- Genre: Horse racing
- Developers: Koei Koei Tecmo Kou Shibusawa
- Publishers: Koei Koei Tecmo
- Platforms: PlayStation, PlayStation 2, PlayStation 3, Wii, Xbox 360, Nintendo Switch
- First release: G1 Jockey JP: 1999;
- Latest release: Champion Jockey Special JP: September 14, 2017;

= G1 Jockey =

Video game series

G1 Jockey (called GI Jockey in Japan) is a simulation video game series developed and published by Koei (now Koei Tecmo). simulates horse racing from a jockey's perspective. Games have been released on the PlayStation, PlayStation 2, PlayStation 3 and also on the Wii, Xbox 360 and Nintendo Switch. It is distinct from a similar series by Koei Tecmo named Winning Post.

The original and its two sequels contain quick training race modes as well as a longer career mode. The racing itself has an emphasis on subtle strategy, e.g. playing with the horse's individual characteristics in mind. Horses individual characteristics include Front runner horses which prefer a spot in the top of the pack during the course of the race; drop in horses which require a constant pace to reach its maximum potential for the final spurt; drop out horses which require precise timing to make a move to the top and sprint down to the finish; and hold up horses which strength is to save up potential and start the spurt earlier than any other horse. This horse favors a quick pace race to demonstrate its full abilities.

The third game of the series, G1 Jockey 3, launched the Koei series into the spotlight.

The Wii releases (G1 Jockey Wii and G1 Jockey Wii 2008) do not follow the same numbering structure as those released on PlayStation consoles.

==Games==
===G1 Jockey===

G1 Jockey is a horse racing simulator developed and published by Koei released on March 11, 1999, for the PlayStation console in Japan.

===G1 Jockey 2===

G1 Jockey 2 is a sports game, developed by Koei/Inis and published by Koei, which was released in Japan on November 2, 2000. It is the first game in the series to be made for the PlayStation 2 console.

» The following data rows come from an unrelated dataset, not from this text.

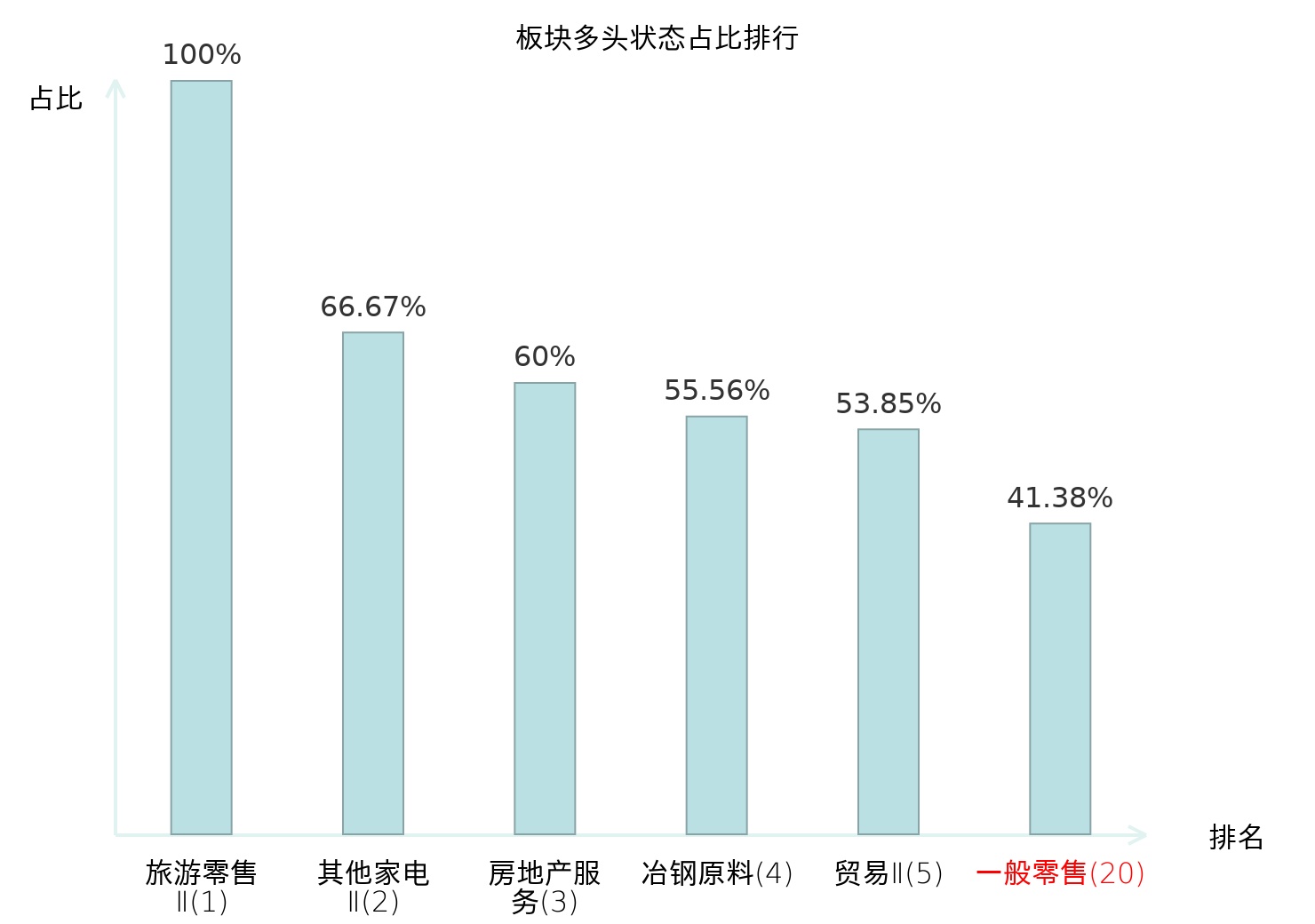 全市场所有行业板块中主力多头状态占比排名中,旅游零售Ⅱ板块位居第一。保险Ⅱ板块名次提升最快,较昨日上升65位。
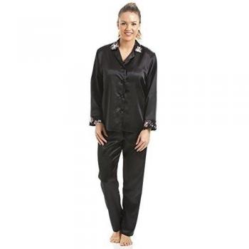 Camille Pijamas de Seda Negra con Motivo Floral
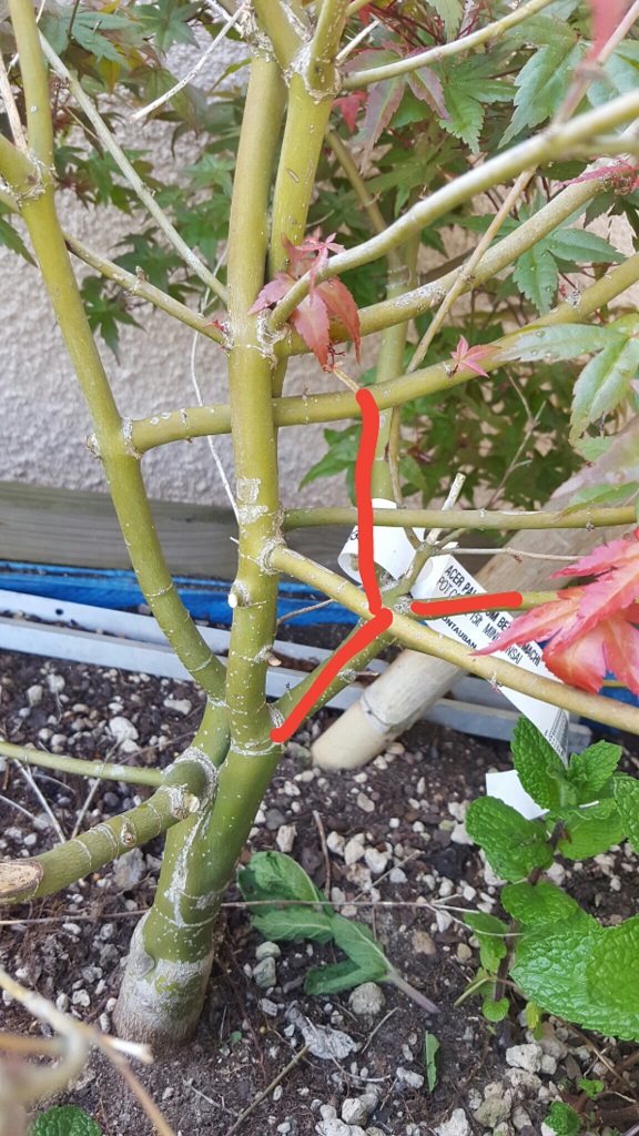 De plus au niveau du tronc, une seule ramification soutient toutes les branches développées. En rouge sur la photo.

An updated version of the game titled G1 Jockey 2 2001 was released in Japan on March 22, 2001. This edition would later be localized for the European market and published by THQ on March 8, 2002, released with the revised title G1 Jockey (as the previous titles were released only in Japan).

===G1 Jockey 3===

G1 Jockey 3 is a thoroughbred horse racing simulation video game produced by Koei for the PlayStation 2. Although the G1 Jockey series had been gaining popularity in Japan, this was the first game in the series to be released in North America. In contrast to Tecmo's Gallop Racer series, which focuses on every aspect of horse racing (including breeding), G1 Jockey 3 focuses solely on the jockey.

===G1 Jockey 4===

G1 Jockey 4 is a horse racing simulator published by Koei for the PlayStation 2.

A Wii version of the game called G1 Jockey Wii was released in 2007.

===G1 Jockey 4 2007===

G1 Jockey 4 2007 (ジーワンジョッキー4 2007) is a horse racing simulator published by Koei for the PlayStation 2 and PlayStation 3 in Japan on November 1, 2007. It is the sequel of G1 Jockey 4.

A playable demo was released on the Japanese PlayStation Store in October 2007.

A G1 Jockey 4 2007 and Winning Post 7 Maximum 2007 Premium Pack bundle for both the PlayStation 2 and PlayStation 3 versions was released on November 1, 2007.

===Champion Jockey: G1 Jockey & Gallop Racer===

After Koei merged with Tecmo in 2009 to form the joint company Tecmo Koei, Koei then developed Champion Jockey: G1 Jockey & Gallop Racer for the PlayStation 3, Wii and Xbox 360, becoming the first game in either series to be available on a Microsoft console and have a Nintendo console version localized for North America. The game is a crossover with Tecmo's Gallop Racer series and incorporates elements from both the G1 Jockey and Gallop Racer series, while also supporting motion controllers. A Japan-exclusive Nintendo Switch port, titled Champion Jockey Special, was released in 2017.